My model is predictive based solely on actual on court performance on purpose. I'll run every college guy (that way I KNOW it is working like it should - I'm not limiting my data set to make the results "look" better so I won't have guys that won't be drafted rank high) - many of which I cannot trust the height numbers. I feel as soon as I try to add other none performance factors (height, standing reach, consensus on draft position, rank coming out of high school, etc) - I'm getting away from my point that it is possible to project future performance from college to pro based solely on college production. Before I started really delving into this - I was told that college production (one guy that told me was an actual NBA owner, simple guess who that is) was pretty much worthless. I want to show that it very well may be just the opposite - it might be the most important factor to consider, relative to age of course.colts18 wrote:I don't get why you aren't including height in your model. Your model is supposed to be predictive, so adding height should add prediction.
I expect I can eventually make the model better with added complexity beyond performance (something I would obviously do if I had 40 hours a week to work solely on this project) - but there is a TON of testing I'd have to do before I ever got comfortable delving into none performance factors & how much they'd affect results. But, yes, if I were in a position & had the time to test every factor I could come up with - I'd do whatever I could to smooth out the outliers (largest differences between projection & actual) that pop up - without creating new ones.

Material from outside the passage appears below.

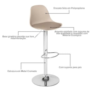 Seu encosto ergonômico e o apoio para os pés garantem bem-estar, enquanto o design minimalista e as diversas opções de cores permitem que ela harmonize com cozinhas, áreas gourmet e bares.

Heck - I haven't even come close to finishing the past 19 seasons of college ratings to FULLY test the past results of what I do now - let alone try to work none performance factors in. I feel I need to try to perfect (the best I can) one step at a time. Performance base projection based on historical precedent (across all statistical rating subsets) is the 1st step. I believe similarity scores based on the rating statistical subsets with the massive data set I have might be step #2 to improve step 1 (not certain) - but that'd be performance based also. Step 3 would then be introducing other none performance factors that seem to address more where the model misses.
If step one is "better" than actual draft history - steps 2 & possibly three would be icing. I THINK step 1 will outperform actual draft history on it's own when I get to test it.
But, all that being said - my & other draft models aren't ever going to be close to perfect - BUT in combination with good scouting & due diligence in learning about possible draftees - it can really help steer a team away from who is projected too high, & who will be the bargains. I think it could actually help get PRODUCTIVE players later in a draft, & especially help stock a D league affiliate. Scouts can't look at (let alone properly evaluate) 1000s of prospects every year, but properly put together models can & narrow that list greatly to help the scouts.
All the non performance data in the world was never going to get my model to spit out that Andrew Wiggins was a worthy #1 pick, let alone a future star. MAYBE it would have moved him up from #17 to, say, #10 - which means if a team was ever listening to me they wouldn't draft him anyway.